CAP TODAY Pathology/Laboratory Medicine/Laboratory Management
Anne Ford
November 2016—Raquel M. Martinez, PhD, D(ABMM), is very happy in her role as director of clinical and molecular microbiology at Geisinger Health System, Danville, Pa. But in another universe she might have applied her skills to television journalism instead. That’s because like any good interviewer, she not only values sensitivity and specificity but also is fond of asking crucial questions such as “When?” “Who?” and “Where?”
That Mike Wallace-like skill set was on full display during “NAATs for Respiratory Pathogen Detection: Does the How, When, and Where Matter?” a talk she gave at the ASM Microbe meeting earlier this year.
A yearly algorithm, a triage system, and a dashboard keep molecular testing for respiratory pathogens on track at Geisinger. Random-access testing and a reduced TAT are saving the health system millions, says Dr. Martinez (left), here with Barb Heiter, BS, MT(ASCP).
In her presentation and in conversation with CAP TODAY, Dr. Martinez outlined Geisinger’s extensive efforts in respiratory pathogen detection, the goal of which is to determine exactly which assays should be used for respiratory pathogen nucleic acid amplification, when those assays should be performed, and in what settings, and which include the use of a diagnostic algorithm. For Geisinger, the how, when, and where do matter—and they matter very much indeed.

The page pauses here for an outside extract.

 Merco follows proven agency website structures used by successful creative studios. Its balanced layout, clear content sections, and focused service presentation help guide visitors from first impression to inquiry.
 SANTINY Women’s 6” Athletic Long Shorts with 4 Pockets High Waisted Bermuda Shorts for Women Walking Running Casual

Geisinger, a fast-growing health network with 12 hospital campuses, aims to standardize its laboratory processes and adopt best practices in microbiology. Donna M. Wolk, MHA, PhD, D(ABMM), Geisinger’s system director for clinical and molecular microbiology, elected in January 2013 to stop offering rapid antigen testing on the grounds that such testing is inferior to nucleic acid amplification testing. “Geisinger’s comparison of molecular and antigen testing confirmed published reports that the antigen test’s sensitivity and specificity were lacking, and we never looked back,” Dr. Martinez says.

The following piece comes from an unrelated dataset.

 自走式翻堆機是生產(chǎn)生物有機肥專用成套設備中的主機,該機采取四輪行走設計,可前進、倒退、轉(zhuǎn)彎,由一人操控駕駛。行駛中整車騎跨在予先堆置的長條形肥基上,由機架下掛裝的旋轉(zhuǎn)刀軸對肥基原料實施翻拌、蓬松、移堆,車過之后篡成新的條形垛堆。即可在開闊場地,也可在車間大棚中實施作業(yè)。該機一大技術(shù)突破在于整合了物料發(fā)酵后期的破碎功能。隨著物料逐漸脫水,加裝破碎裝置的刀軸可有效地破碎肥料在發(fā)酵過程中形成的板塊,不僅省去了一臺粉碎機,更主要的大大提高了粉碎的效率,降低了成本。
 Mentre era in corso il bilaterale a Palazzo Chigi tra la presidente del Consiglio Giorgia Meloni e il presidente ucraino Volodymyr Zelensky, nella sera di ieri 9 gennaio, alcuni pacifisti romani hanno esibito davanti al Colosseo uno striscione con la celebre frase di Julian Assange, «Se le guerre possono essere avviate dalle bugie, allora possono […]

Centers for Disease Control and Prevention guidelines say antigen testing results should be confirmed with a molecular method, owing to the speed and accuracy of those molecular methods. “And we are baffled that some hospitals and many urgent care clinics and office laboratories continue to use inaccurate antigen-based methods. Antigen testing, prone to both false-negative and false-positive results, serves only to delay an accurate result and diagnosis,” Dr. Martinez says. She and Dr. Wolk are committed to providing their patients and providers with faster and more accurate methods, she says, and to proving the downstream impact of rapid technology. “Our advice to anyone fielding requests to continue performing rapid antigen testing is ‘Just say no.’”
In 2009, when the laboratory still performed culture and DFA for respiratory pathogen testing, the average time to result was 67.13 hours—nearly three days. In 2011, a batch-based multiplex PCR was implemented. “We batched them once a day, Monday through Friday, and we were able to decrease our turnaround time by almost 30 hours,” Dr. Martinez says. Then, in late 2012, the laboratory adopted a non-batched multiplex test for respiratory pathogens, and the average turnaround time dropped—first to 11.68 hours, then to 5.9 in 2013 by distributing technology to more of the hospitals, and then to where it stands now at the end of the 2016 respiratory season, 2.83 hours.
With the goal of reducing large-panel testing—thereby reducing costs, lowering turnaround time, and maximizing efficiency—the Geisinger laboratory collaborates with infectious disease clinicians, pharmacists, and infection prevention teams to support an algorithm that defines which patients should receive which type of nucleic acid amplification testing and at what time of year. The algorithm is revised annually before the start of flu season. Samples are collected and submitted in universal transport media, with nasopharyngeal swabs preferred for upper respiratory tract samples and 1 mL bronchoalveolar lavage for lower respiratory tract samples. Samples from inpatients, emergency room admissions and observation units, and high-risk outpatient groups are tested with a multiplex PCR panel (available year-round). Samples from low-risk outpatients and non-admitted ER patients are tested with abbreviated panel testing for influenza A and B and respiratory syncytial virus (available Nov. 1–April 30, when those viruses are highly prevalent).